Your assignment: A verbatim copy of the records is required, with all pictures left out.

Input data:
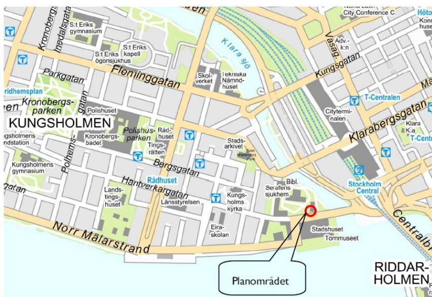
Planområdet markerat med röd ring.

Syftet med planen är att ge byggrätt och göra det möjligt för befintlig kioskverksamhet att finnas kvar på platsen då nuvarande detaljplan anger område som inte får bebyggas, och kiosken är för stor för att bedömas som planenlig.
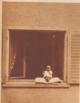
Mut-fer hält im Hintergrund
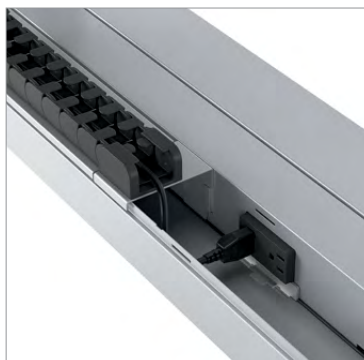
Chemin de câbles
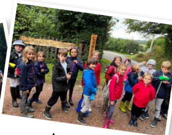
le petit cob
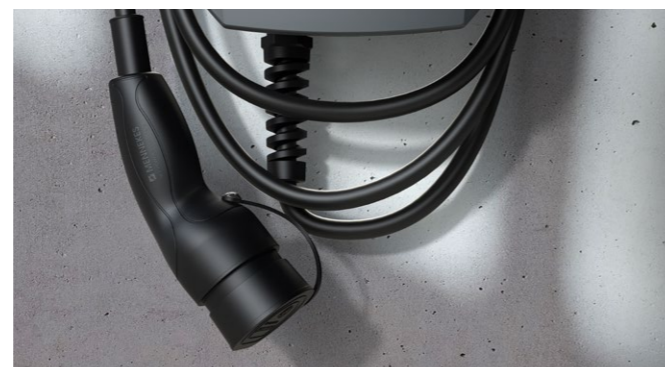
Sempre a portata di mano: cavo di ricarica di tipo 2 da 7,5 m
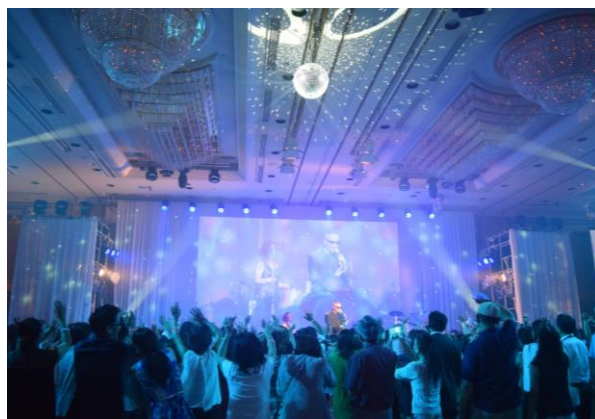
Summer Disco Night 2015 開催の様子
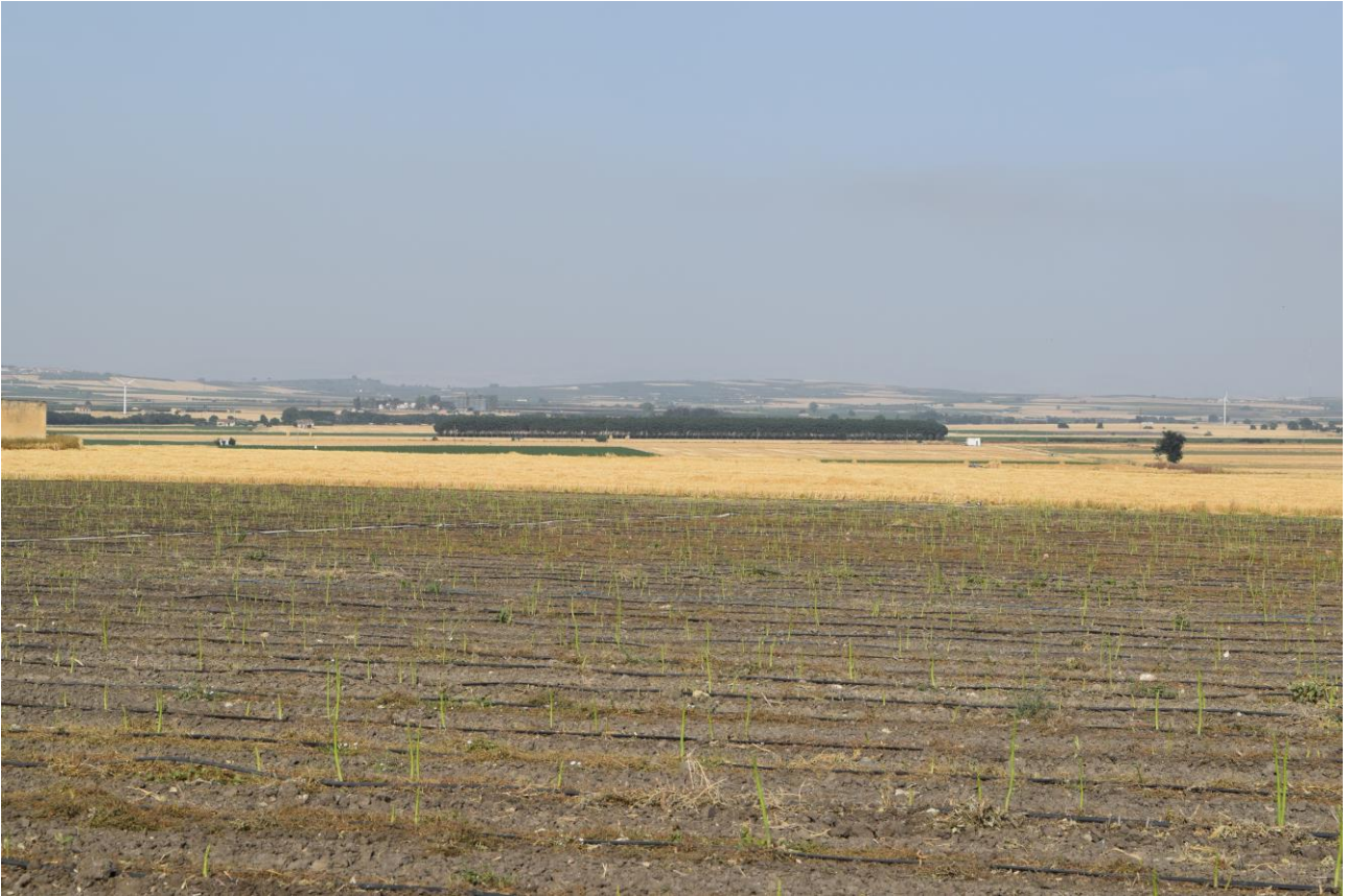
Figura 11: Vista fotografica P10; l'impianto è situato nelle vicinanze dell'uliveto
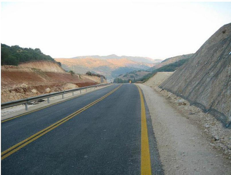
Ο νέος δρόμος στον Άη Δημήτρη και στο βάθος το Μαργαρίτι.
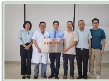
中山大学肿瘤防治中心
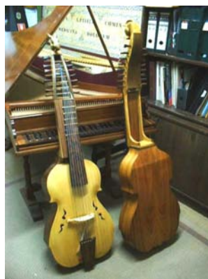
Además de las cuerdas habituales para el arco, el baryton incluye cuerdas adicionales en la parte trasera para pulsar
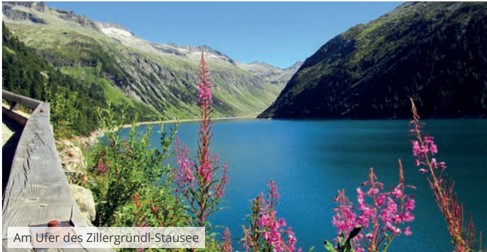
Am Ufer des Zillergründl-Stausee
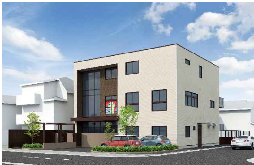
令和4年4月開園予定の民間保育所イメージ

待機児童の解消に向けて、保育所・幼保連携型認定こども園等を整備する社会福祉法人等に対し、施設整備費を補助する。また、定員拡大や耐震化を目的として保育所の建替え等を実施する法人に対し、整備費用を補助する。
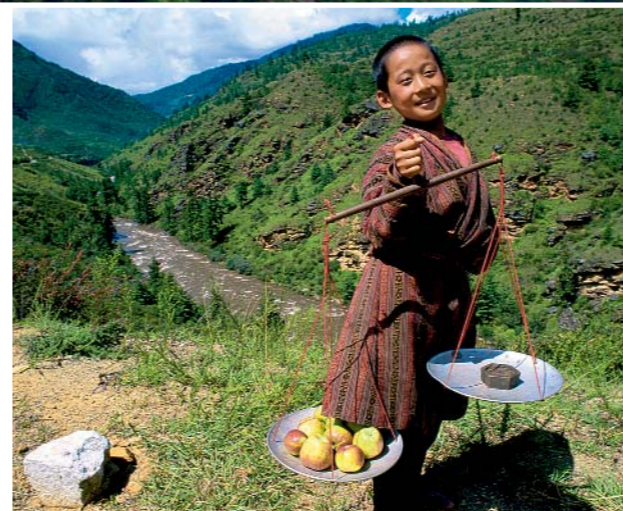
NATIONALTRACHT ist für Bhutaner Ehrensache. Gho heisst das Gewand, das auch dieser Äpfel verkaufende Bub trägt.

angesagt, werden zu Fuss oder mit Bus besichtigt. → Die Dzongs , herrschaftliche, jahrhundertalte Klosterburgen sind charakteristisch für Bhutan. Sie sind Zentrum des religiösen und staatlichen Lebens . Nicht alle Gebäude können aber besichtigt werden. Denn dass Bhutan von Feriengästen nicht überschwemmt wird, dafür ist gesorgt. So reisen pro Jahr nicht mehr als 7000 Touristen ein. Eine touristische Infrastruktur entsteht trotzdem. → Auf Luxus müssen Touristen in Bhutan also nicht mehr verzichten. Wie z. B. im Hotel Amankora ( www.amanresorts.com ) der Aman-Kette. Es liegt in einem Pinienwald, ca. 20 Minuten von Bhutans Flughafen Paro entfernt. Die
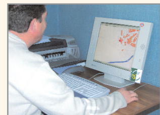
Installation d'un Système d'Information Géographique dans chaque mairie
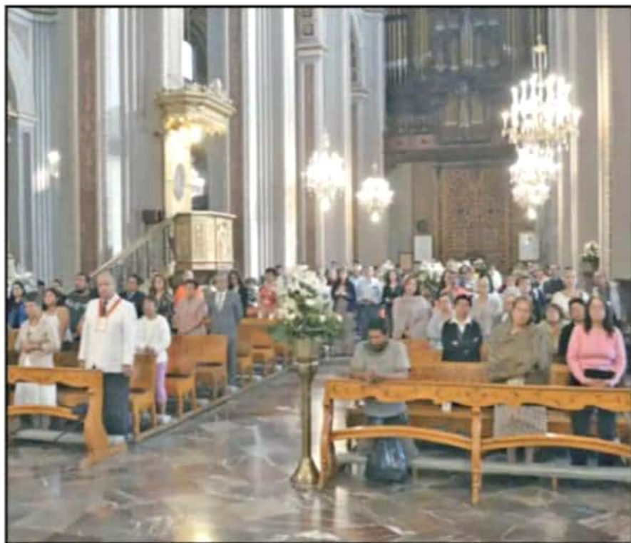
TRABAJADORES DE DISTINTAS ÁREAS DE ESTA CASA EDITORIAL ASISTIERON A LA CELEBRACIÓN EUCARÍSTICA.

se viva la justicia y podamos crear un ambiente de paz, armonía y verdad", manifestó el arzobispo Carlos Garfias al inicio de la ceremonia religiosa.
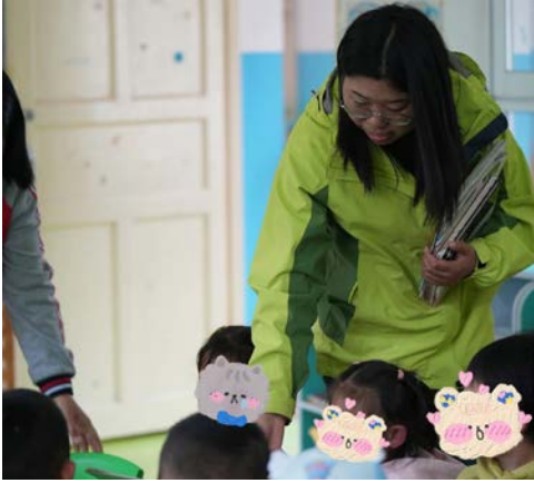
左图：志愿者了解孩子读书情况
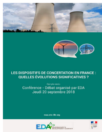
Les dispositifs de concertation en France: quelles évolutions significatives ? 20 septembre 2018

https://eda-lille.org/comment-rendre-la-concertation-plus-democratique/
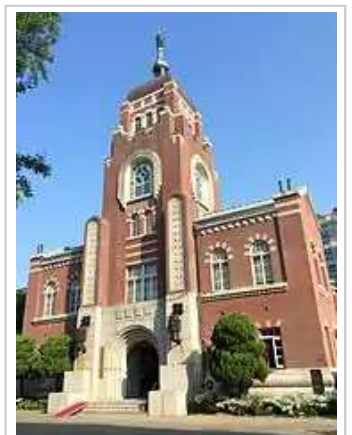
天道教中央大教堂
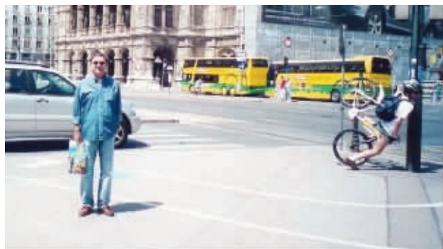
右边的哥们,我好好地拍个照,你干吗抢镜
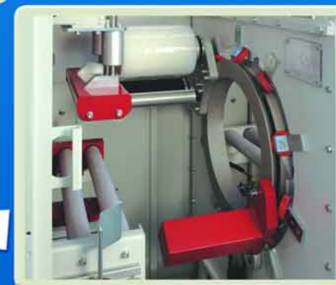
Anello di Rotazione Ring Wrapping Unit
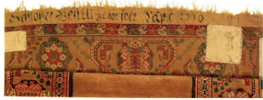
Fotoğraf 5. Bağış yazıtlı 5 Tek Nişli "Transilvanya" Tipi Halı (Ionescu 2005; 6)

Dindar ve halı satın alabilecek kadar varlıklı cemaat üyelerinin halılarını kiliseye getirme ve bağışlama davranışlarının özünde bir çeşit manevî ölümsüzlük arayışı olabileceği gibi gösteriş amaçlı bir hareket olabileceği de düşünülmektedir. Halıların kilise sıralarında kullanılmasının bir diğer amacı da, üzerlerindeki yazıtlarından o sıranın hangi aileye veya loncaya ait olduğunun belirtilmesidir (Ionescu 2007: 36). Fotoğraf 5'de görülen halı yazıtında geçen "Halı Demirciler Loncasına Aittir – 1710" ifadesi bu hususta önemli bir kanıttır.
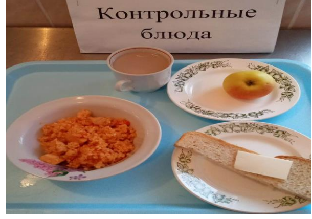
Завтрак для учащихся из многодетных семей
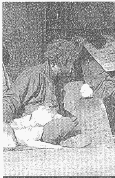
Indigente en el centro. H. SASTRE

De hecho, en Valladolid funcionan el comedor del Calderón -donde almuerzan a diario un centenar de personas- y el albergue para indomiciliados, con capacidad para que pernocten cincuenta personas. A esta red municipal se suman recursos de otras entidades, con las que los ciudadanos pueden colaborar económicamente en vez de dar limosna.»
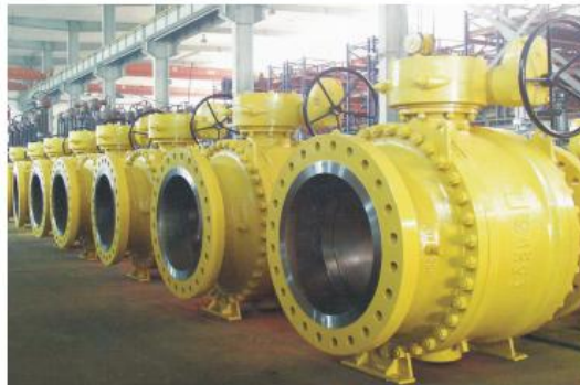
燃气球阀 ball valve for fuel gas

Task result:
Planområdet markerat med röd ring.

Syftet med planen är att ge byggrätt och göra det möjligt för befintlig kioskverksamhet att finnas kvar på platsen då nuvarande detaljplan anger område som inte får bebyggas, och kiosken är för stor för att bedömas som planenlig.
Mut-fer hält im Hintergrund
Chemin de câbles
le petit cob
Sempre a portata di mano: cavo di ricarica di tipo 2 da 7,5 m
Summer Disco Night 2015 開催の様子
Figura 11: Vista fotografica P10; l'impianto è situato nelle vicinanze dell'uliveto
Ο νέος δρόμος στον Άη Δημήτρη και στο βάθος το Μαργαρίτι.
中山大学肿瘤防治中心
Además de las cuerdas habituales para el arco, el baryton incluye cuerdas adicionales en la parte trasera para pulsar
Am Ufer des Zillergründl-Stausee
令和4年4月開園予定の民間保育所イメージ

待機児童の解消に向けて、保育所・幼保連携型認定こども園等を整備する社会福祉法人等に対し、施設整備費を補助する。また、定員拡大や耐震化を目的として保育所の建替え等を実施する法人に対し、整備費用を補助する。
NATIONALTRACHT ist für Bhutaner Ehrensache. Gho heisst das Gewand, das auch dieser Äpfel verkaufende Bub trägt.

angesagt, werden zu Fuss oder mit Bus besichtigt. → Die Dzongs , herrschaftliche, jahrhundertalte Klosterburgen sind charakteristisch für Bhutan. Sie sind Zentrum des religiösen und staatlichen Lebens . Nicht alle Gebäude können aber besichtigt werden. Denn dass Bhutan von Feriengästen nicht überschwemmt wird, dafür ist gesorgt. So reisen pro Jahr nicht mehr als 7000 Touristen ein. Eine touristische Infrastruktur entsteht trotzdem. → Auf Luxus müssen Touristen in Bhutan also nicht mehr verzichten. Wie z. B. im Hotel Amankora ( www.amanresorts.com ) der Aman-Kette. Es liegt in einem Pinienwald, ca. 20 Minuten von Bhutans Flughafen Paro entfernt. Die
Installation d'un Système d'Information Géographique dans chaque mairie
TRABAJADORES DE DISTINTAS ÁREAS DE ESTA CASA EDITORIAL ASISTIERON A LA CELEBRACIÓN EUCARÍSTICA.

se viva la justicia y podamos crear un ambiente de paz, armonía y verdad", manifestó el arzobispo Carlos Garfias al inicio de la ceremonia religiosa.
左图：志愿者了解孩子读书情况
Les dispositifs de concertation en France: quelles évolutions significatives ? 20 septembre 2018

https://eda-lille.org/comment-rendre-la-concertation-plus-democratique/
天道教中央大教堂
右边的哥们,我好好地拍个照,你干吗抢镜
Anello di Rotazione Ring Wrapping Unit
Fotoğraf 5. Bağış yazıtlı 5 Tek Nişli "Transilvanya" Tipi Halı (Ionescu 2005; 6)

Dindar ve halı satın alabilecek kadar varlıklı cemaat üyelerinin halılarını kiliseye getirme ve bağışlama davranışlarının özünde bir çeşit manevî ölümsüzlük arayışı olabileceği gibi gösteriş amaçlı bir hareket olabileceği de düşünülmektedir. Halıların kilise sıralarında kullanılmasının bir diğer amacı da, üzerlerindeki yazıtlarından o sıranın hangi aileye veya loncaya ait olduğunun belirtilmesidir (Ionescu 2007: 36). Fotoğraf 5'de görülen halı yazıtında geçen "Halı Demirciler Loncasına Aittir – 1710" ifadesi bu hususta önemli bir kanıttır.
Завтрак для учащихся из многодетных семей
Indigente en el centro. H. SASTRE

De hecho, en Valladolid funcionan el comedor del Calderón -donde almuerzan a diario un centenar de personas- y el albergue para indomiciliados, con capacidad para que pernocten cincuenta personas. A esta red municipal se suman recursos de otras entidades, con las que los ciudadanos pueden colaborar económicamente en vez de dar limosna.»
燃气球阀 ball valve for fuel gas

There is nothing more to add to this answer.